46

S ure enough, all of Carso suddenly descends on the Seagate cottages, taking direction from Wee Jim, showing up with an unfortunate number of unnecessary carpet oddments and strange cushions and of course – of course – everything knitted for a house that can conceivably be knitted for a house.

Antimacassars and curtains – curtains! – blankets, cushions, throws, a lampshade which looks point-blank dangerous.

Essie’s eyes are wide. Verity shows up, armed with a new set of knitting needles and looking ready to get stuck into the fun.

Gradually the oil rig boys take over with the hammering, and, as the afternoon creeps on, Essie, utterly exhausted – she barely slept – looks around to see where Dwight has got to.

He’s out, on the other side of the street, looking out over the sea.

‘Hey,’ she says, joining him.

He glances up, nods. He’s holding up a stick; Smokey can already jump up past his thighs.

She stands in front of him. ‘You okay?’

He shrugs. ‘I was an idiot.’

‘So was I. I was worse. And you still lost the bank loan.’

‘I’d have lost it all if it wasn’t for you. I’d have lost everything.’

‘My mum said . . . ’ begins Essie.

‘She’s alright, your mum,’ says Dwight.

‘She really is,’ says Essie.

She thinks back to the trip to the hospital in the car, dashing across the hills in the tiny red car she had disdained.

‘I’m so sorry . . . ’ she had begun, and Janey had turned to her.

‘You never, ever have to apologise to me. I’m so sorry it was so hard on you.’

Essie had thought of the missed calls; of the fact that her father hadn’t come to see her even once.

‘No,’ she had said. ‘I get it. I do. I’m sorry.’

She had watched the little pretty town in the side mirror, vanishing behind them, nestled between the sea and the soft rolling hills. How had she never noticed how beautiful it was, how lovely; that it was home.

‘She said . . . it’s good to get your mistakes out of your system while you’re still young. She said it quite a few times, in fact,’ says Essie.

They look out over the bright blue water, the tips just bobbing white in the northern breeze.

‘What were you thinking now?’ says Dwight, and for the first time since she met him again he seems slightly nervous.

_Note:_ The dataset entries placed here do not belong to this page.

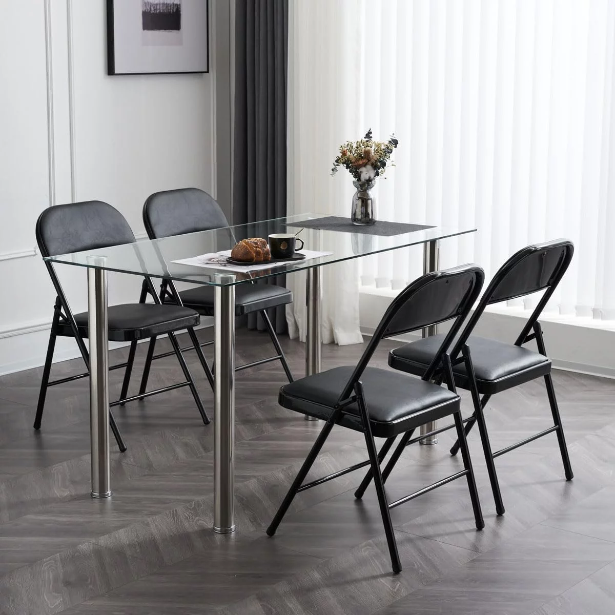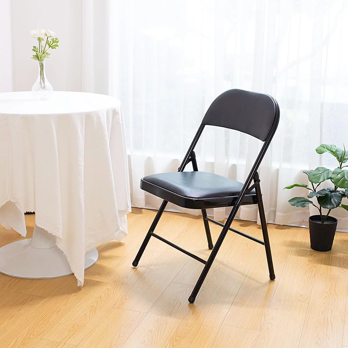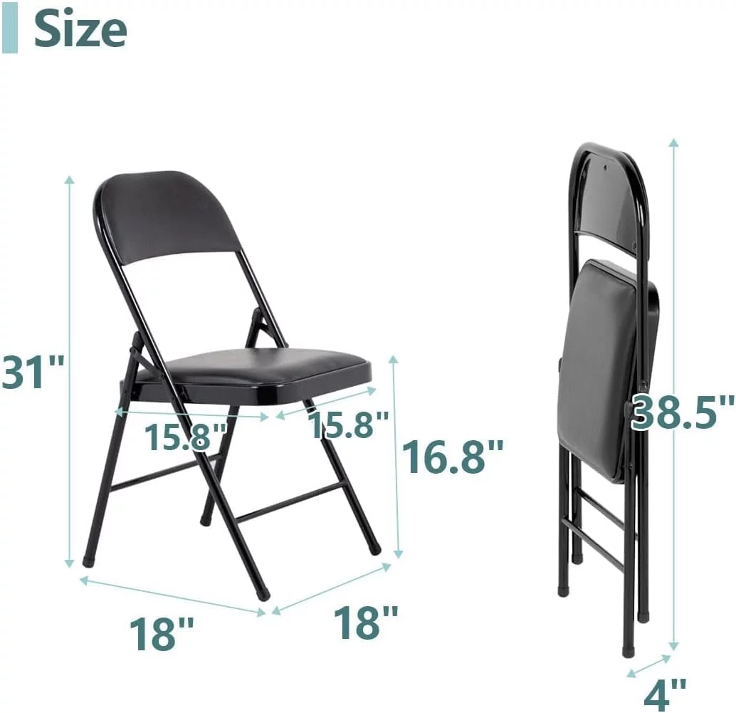 4 Pack Folding Chairs with Padded Cushion and Back, Metal Chairs with Comfortable Cushion and Durable Steel Frame for Home and Office, Black - Curated Treasures Market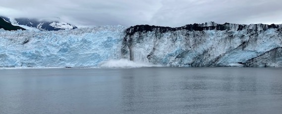 With the calving, when the large pieces of the glacier hit the water, waves immediately start to roll across College Fjord.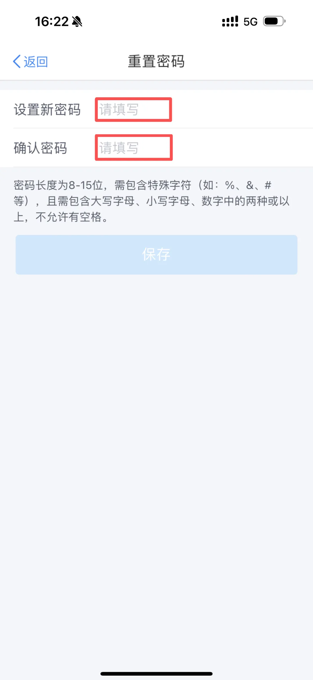 要求:密码长度8-15位,需包含特殊字符(如:%、&、#等),且需包含大写字母、小写字母、数字中的两种或以上,不允许有空格。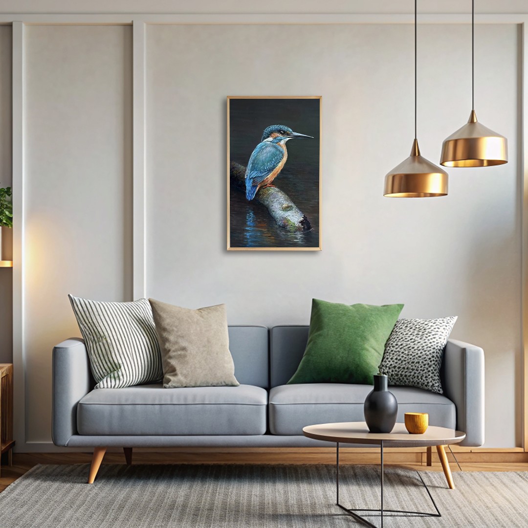 Anant Roop Art Studio's "Calm Kingfisher on Branch" on Acrylic on Canvas beautifully captures the elegance of this iconic bird. In local myth, the Kingfisher is associated with good luck, symbolizing prosperity and success. Additionally, it is seen as a representation of focus and determination, attributes often attributed to this bird's precision in hunting. The artist astutely employs a dark background, enhancing the prominence of the vivid blue hues of the Kingfisher.

‘What are you going to do?’ she counters. ‘With your properties. That are now full of...’ Former Essie would have said ‘absolute tat,’ but new Essie says, ‘ . . . a lot of eclectic things.’

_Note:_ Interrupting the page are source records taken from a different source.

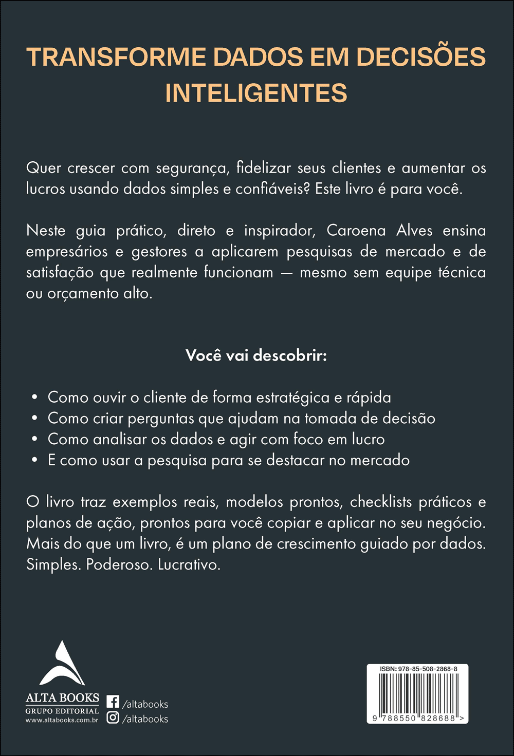 Pesquisa Que Dá Lucro é um livro inédito no mercado editorial brasileiro que ensina, de forma prática e acessível, como transformar dados de pesquisa em estratégia de crescimento. Com base em quase 20 anos de experiência da autora no mercado de pesquisa e análise de dados, o livro oferece um passo a passo completo para aplicar pesquisas de mercado e de satisfação de forma ética, eficaz e rentável. A linguagem é leve, direta e voltada à ação, sem abrir mão do rigor metodológico. A obra traduz a teoria em prática com exemplos reais, checklists, atividades, gráficos e orientações que permitem ao leitor aplicar imediatamente o conhecimento adquirido em sua própria realidade de negócio.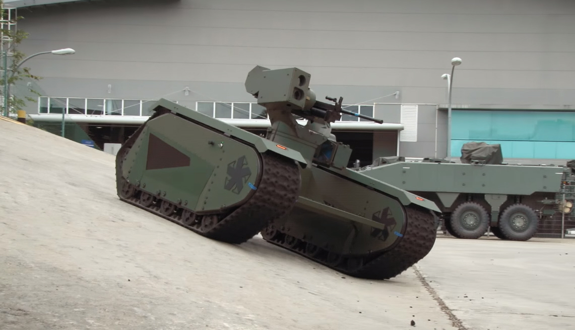 When robots go to war, they will be short, squat, and in bodies unlike those of humans. Estonian company Milrem’s new ground robot has no gleaming silver skull, no pointy battledroid face, and no blinking Cylon eyes. Instead, Mirem’s Tracked Hybrid Modular Infantry System (or THeMIS), which debuted at this year’s Singapore Air Show, is a simple green platform on tracks.
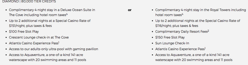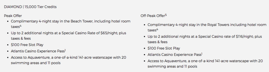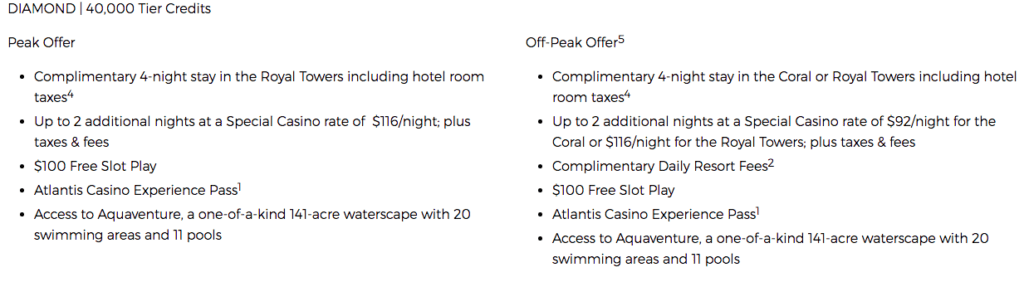 The 4-night free package you can book at Atlantis varies depending on the tier credit level of your Total Reward Diamond status. It will be interesting to find out what level of Diamond tier credit you get from this status match. The Atlantis package includes four free nights in a nicer room during off-peak season than during peak season, with additional two nights at deeply discounted nightly rates.
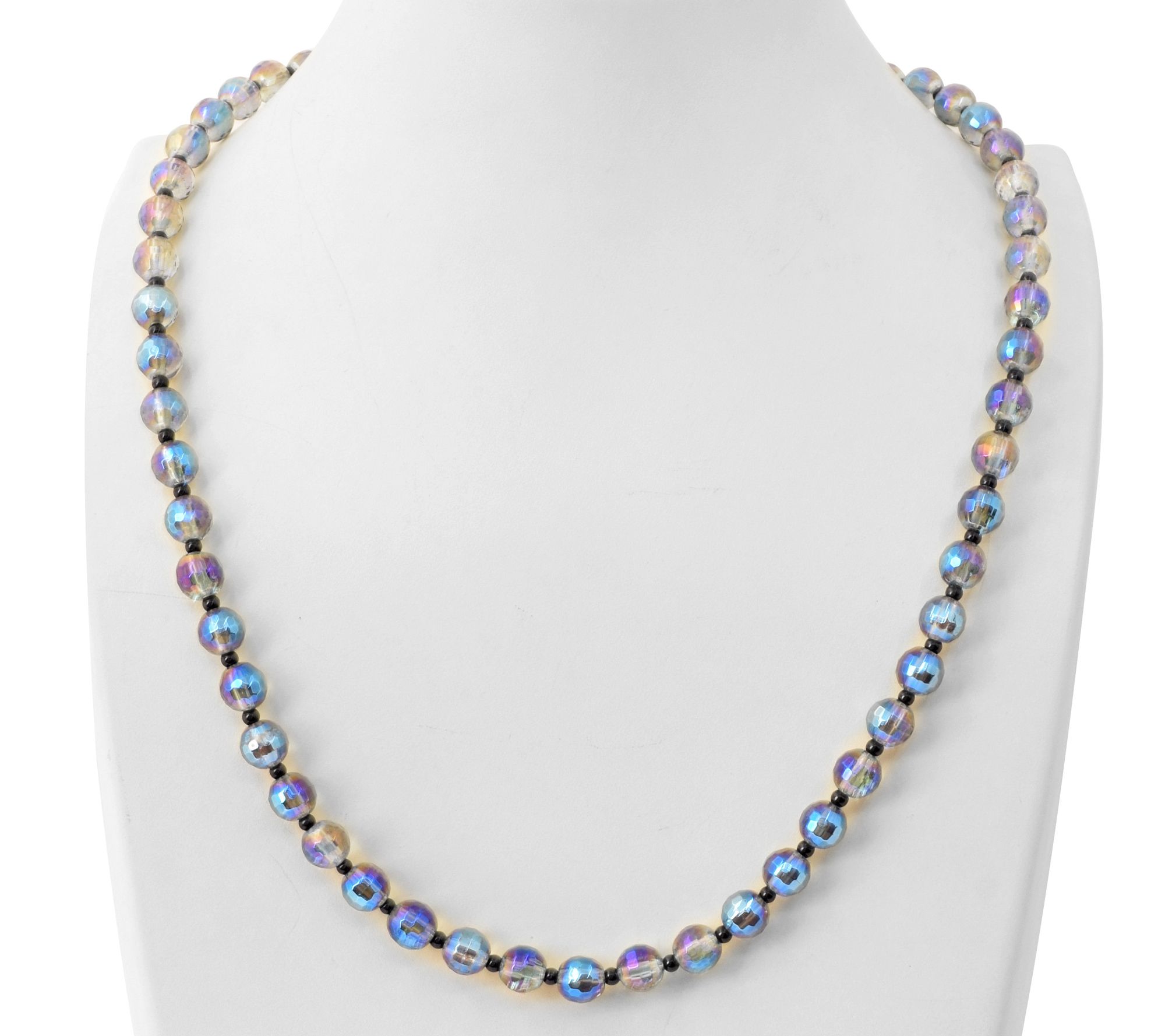 • Faceted blue coated quartz and plain black chalcedony round beads

‘Well, I thought . . . I thought I might take one of the cottages myself. And then the other ones . . . well, your mum’s friend Lish – her husband needs somewhere he can walk to work . . . ’

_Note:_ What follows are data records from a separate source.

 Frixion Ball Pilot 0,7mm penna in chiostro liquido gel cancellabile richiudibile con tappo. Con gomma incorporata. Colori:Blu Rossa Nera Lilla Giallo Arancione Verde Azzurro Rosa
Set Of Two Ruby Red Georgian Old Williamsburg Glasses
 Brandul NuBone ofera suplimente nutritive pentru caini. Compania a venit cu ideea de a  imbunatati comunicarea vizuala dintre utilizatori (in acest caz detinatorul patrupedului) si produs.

‘That’s a good idea,’ says Essie neutrally.

He looks at her.

‘Maybe . . . I could come and stay for a little?’ Essie says.

Dwight shrugs, but suddenly the cocky twinkle is back in his eyes.

‘That sure depends,’ he says.

He pulls her close, until they are hip to hip. She fits him perfectly. She finds, immediately, that she is trembling. The effect on her is extraordinary. He leans his lips to her ear, and she feels him hard against her. He whispers in her ear.

‘A man has needs, you know. Reckon that’s something you can handle? Because I am planning on being in the business of not really letting you go.’

‘That,’ says Essie, ‘is probably the only business we should be in for a while.’

And she puts her hands in the back pocket of his tight jeans, and, as the houses are still full of people, they go and take a very long walk, along the great crashing empty beaches, into the wide, glorious white sand dunes, utterly deserted, where they can make as much noise as they like, underneath a sky blown white and clean and new.